> **Work order**:
An exact copy of the data is needed, one that excludes all pictures.

> **Available data**:
+--

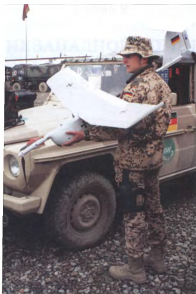
Немецкий военнослужащий с дроном
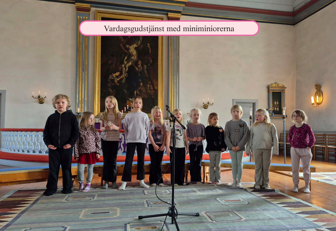
Vardagsgudstjänst med miniminiorena
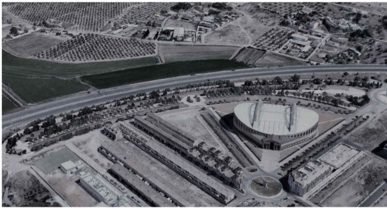
Zona del coliseo
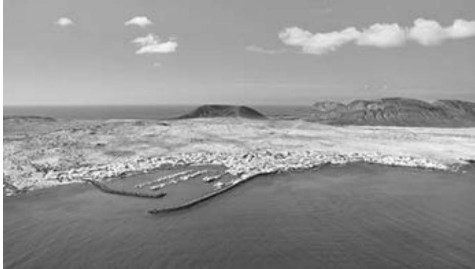
La Graciosa – malownicza wyspa na Oceanie Atlantyckim.

Graciosa (z hiszpańskiego nazywana LaGraciosa) to jedna z mniejszych Wysp Kanaryjskich. Leży około 2 km na północ od wyspy Lanzarote. I to właśnie od tej wyspy oddzielona jest cieśniną o nazwie Rio. La Graciosa
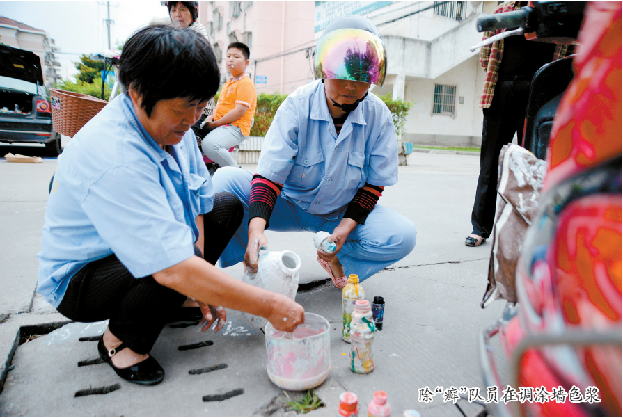
除“癣”队员在调涂墙色浆

市容管理科的工作人员表示,治理小广告,光靠城管部门一家,显然力量远远不够。尤其对于那些假发票、假证等非法信息的小广告,需要公安等部门联合执法,通过广告上的联系方式,顺藤摸瓜,采取行动,端掉其窝点,只有这样才能从源头上给予严厉打击,起到根治的效果。
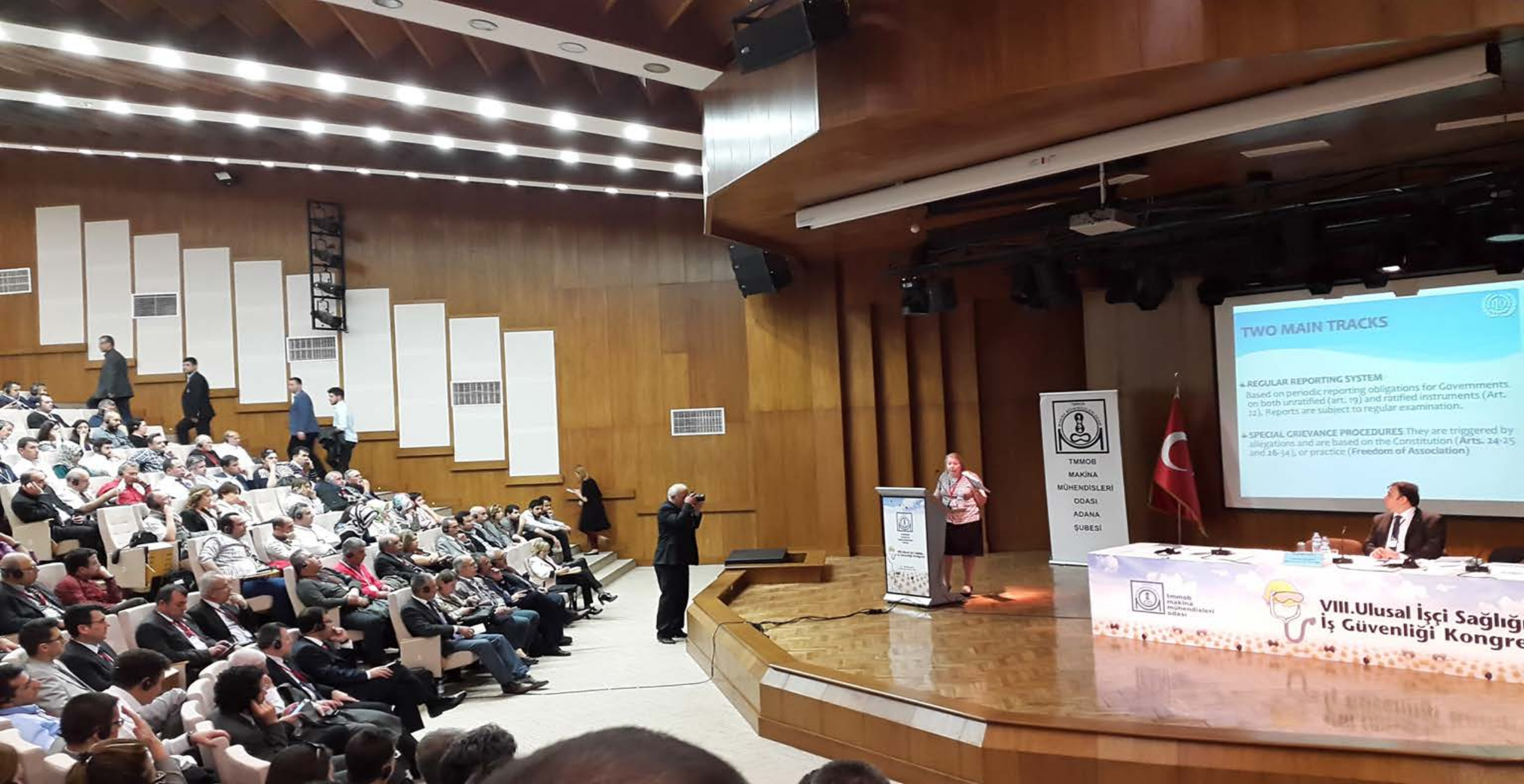
14-16 Nisan 2015 - TMMOB 8. İSG Adana Kongresi

+--

> **Task output**:
Немецкий военнослужащий с дроном
Vardagsgudstjänst med miniminiorena
Zona del coliseo
La Graciosa – malownicza wyspa na Oceanie Atlantyckim.

Graciosa (z hiszpańskiego nazywana LaGraciosa) to jedna z mniejszych Wysp Kanaryjskich. Leży około 2 km na północ od wyspy Lanzarote. I to właśnie od tej wyspy oddzielona jest cieśniną o nazwie Rio. La Graciosa
除“癣”队员在调涂墙色浆

市容管理科的工作人员表示,治理小广告,光靠城管部门一家,显然力量远远不够。尤其对于那些假发票、假证等非法信息的小广告,需要公安等部门联合执法,通过广告上的联系方式,顺藤摸瓜,采取行动,端掉其窝点,只有这样才能从源头上给予严厉打击,起到根治的效果。
14-16 Nisan 2015 - TMMOB 8. İSG Adana Kongresi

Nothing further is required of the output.